There are several steps you can take using AI to ensure your data is secure. (GETTY IMAGES)

By Allison Proffitt

BOSTON—AI is data; data is AI. They’re really the same, Alex Pentland told a packed opening plenary session on the second day of the AI World Conference and Expo. “The winner is the person who has the most data. That’s probably not you, but you have friends who have data. They probably aren’t going to just give it to you; you have to figure out how to collaborate.”

Pentland directs the MIT Connection Science and Human Dynamics labs. He’s working on getting AI into the mainstream “peacefully”, he said. That is, no riots in the street, no mass unemployment, no cyber security onslaughts.

His group at MIT, sponsored by Ernst and Young, IBM, MasterCard, Orange, and others, builds pre-standards open source code—Kerberos, the network authentication protocol, for example—and tackles the big questions: How to ensure compliance, control risk, ensure privacy, and security? “Privacy is coming,” he warned, “not just in Europe and California, but everywhere.”

Alex Pentland, director of the MIT Connection Science and Human Dynamics labs

Pentland minces no words when it comes to security. “If you create a data lake, you should be fired,” he said. “You’ve just told the bad guys where to find the data!” He likened the approach to a medieval army packing a castle with all the arms and resources available, surrounding the castle with a moat, “and then someone leaves the gate open.” Seventy percent of all cyber attacks happen from human error, he said. If you put all your resources in one place you are doomed.”

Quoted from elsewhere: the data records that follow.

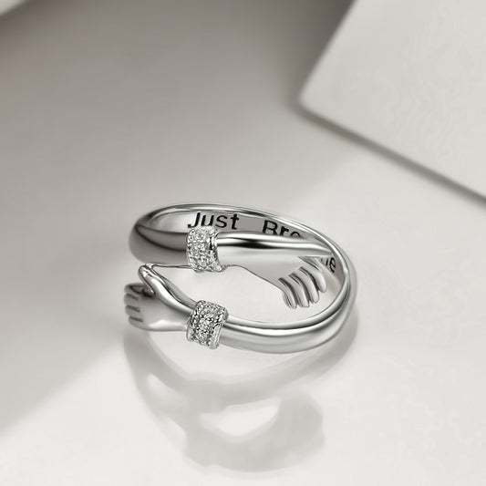 Just Breathe Hug Rings For Women Sterling Silver Adjustable Hand Ring Jewelry Gift For Women Girls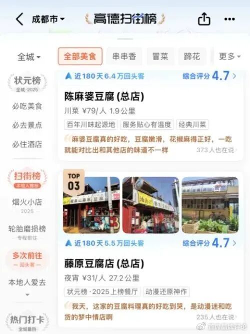 在成都,高德扫街榜曾将“藤原豆腐店”作为美食店推荐,位列成都美食前三。但事实上,这是一家致敬日本漫画《头文字D》的网红打卡点,并非真正意义上的餐馆。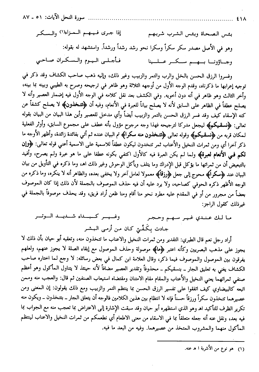 جادت بكفّي كان من أرمى البشر أراد رجل نعم قال الطبري: التقدير ومن ثمرات النخيل والأعناب ما تتخذون منه، وتعقبه أبو حيان بأن ذلك لا يجوز على مذهب البصريين وكأنه اعتبر ما موصولة وحذف الموصول مع إبقاء الصلة لا يجوز عنهم، ولعلهم يفرقون بين الموصول والموصوف فيما ذكر، وقال العلامة ابن كمال في بعض رسائله: لا وجع لما اختاره صاحب الكشاف يغني به تعليق الجار- بنسقيكم- محذوفا وتقدير العصير مضافا لأنه حينئذ لا يتناول المأكول وهو أعظم صنفي ثمراتهما يعني النخيل والأعناب والمقام مقام الامتنان ومقتضاه استيعاب الصنفين ثم قال: والعجب منه وممن اتبعه كالبيضاوي كيف اتفقوا على تفسير الرزق الحسن بما ينتظم التمر والزبيب ومع ذلك يقولون: إن المعنى ومن عصيرهما تتخذون سكرا ورزقا حسنا فإنه لا انتظام بين هذين الكلامين فالوجه أن يتعلق الجار- بتتخذون- ويكون منه تكرير الظرف للتأكيد اه وهو الذي استظهره أبو حيان وقد سبقت الإشارة إلى الاعتراض بما تعجب منه مع الجواب بما فيه بعد، ونقل عنه أنه جعله متعلقا بما في الاسقاء من معنى الإطعام أي نطعمكم من ثمرات النخيل والأعناب لينتظم المأكول منهما والمشروب المتخذ من عصيرهما. وفيه من البعد ما فيه.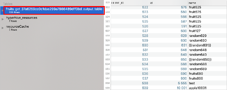 When a local database is opened, any appropriate editor displays the fruits_get_<some_stuff>_output_table table where: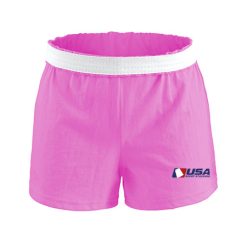 7.0 oz., 50% cotton / 50% polyester jersey; V-notch legs with 3″ inseam; 1 1/4″ exposed elastic waistband; Regular rise; Girl fit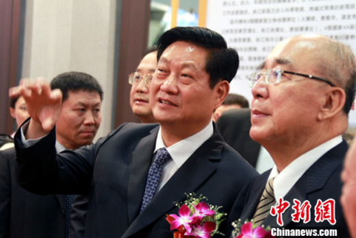 9月14日,陜西省代省長趙正永率團(tuán)在臺北出席2010臺灣陜西周活動。當(dāng)日,中國國民黨榮譽(yù)主席吳伯雄應(yīng)邀參加“陜西風(fēng)情節(jié)”活動,趙正永為吳伯雄作導(dǎo)覽。中新社記者 劉舒凌 攝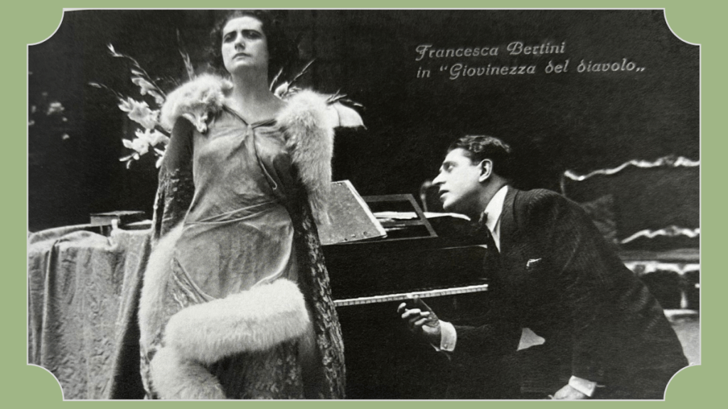 Il suo nome d’arte, Francesca Bertini, le venne cucito addosso da Edoardo Scarpetta, il più importante attore e autore del teatro napoletano tra la fine dell’Ottocento e i primi del Novecento, capostipite della dinastia teatrale degli Scarpetta-De Filippo, che la volle, giovanissima, nella sua compagnia teatrale, ma Francesca sognava la macchina da presa e le eroine dannunziane.

Instead he highlighted a few key rules for using data as efficiently and securely as possible.

First, put a communications layer over your resources—an API—and share answers, not data, he advised. It sounds expensive and difficult, but really it’s pretty simple, he said. If someone wants something from you, take their request, process it yourself, and then give them the minimum answer possible.

The approach works just as well within large corporations. Getting data from one silo to another within a large organization can be impossible. But setting up an API that delivers answers is much easier. “This is a rapid accelerator!”

In addition, he recommended blockchain for tracking and auditing all of the data interactions: what was the query, who paid for it, what were their credentials, what was returned, etc. If you do this, Pentland said, you’ll be able to detect cyber attacks much more rapidly. The key thing with cyber attacks is moving data where it shouldn’t be—transactions that shouldn’t be happening. “If you have an unalterable log of all of the transactions, you can detect things that don’t fit very, very quickly.”

In fact, audit the data continually to look for cyber attacks, policies going wrong, and to assess the performance of your AI. “One of the weak things about most AI is that it doesn’t generalize very well. So if conditions change a little bit, it may run off the rails. You have to audit it continually,” Pentland explained. “You want to have a transaction record that says what it is that your AI is doing, and is that what you intended it to do?”

Finally, Pentland said you should never decrypt data. “You’ve heard of encryption at rest and encryption in transit,” he says, “but I’m telling you something more, which is don’t ever decrypt it. The moment you do someone will steal it.”

It turns out, data doesn’t need to be decrypted to be analyzed. There are a number of techniques that operate on encrypted data directly—some of which were developed by Pentland’s team. If your data stay encrypted, you don’t need a firewall, which means you can cache the data and realize 10x to 100x improvements in performance, he said.

In addition, Pentland argued that sharing encrypted data is not the same, legally, as sharing decrypted data. He asserts that encrypted data can be removed from a country when decrypted data couldn’t. Personal data, if encrypted, can be legally shared. “This changes the whole way you think about data,” he said

MasterCard uses the principle for fraud detection, he noted. Even though MasterCard can’t see the personal details about who is doing what, it can scan encrypted data for unusual repetitions or suspicious patterns and identify fraudulent activity.

“We are helping countries and companies around the world put up these sort of systems to modernize their data systems by providing this layer that gives access to more diverse sorts of data,” Pentland said. “It’s surprisingly easy to do. Not easy! But surprisingly easy.”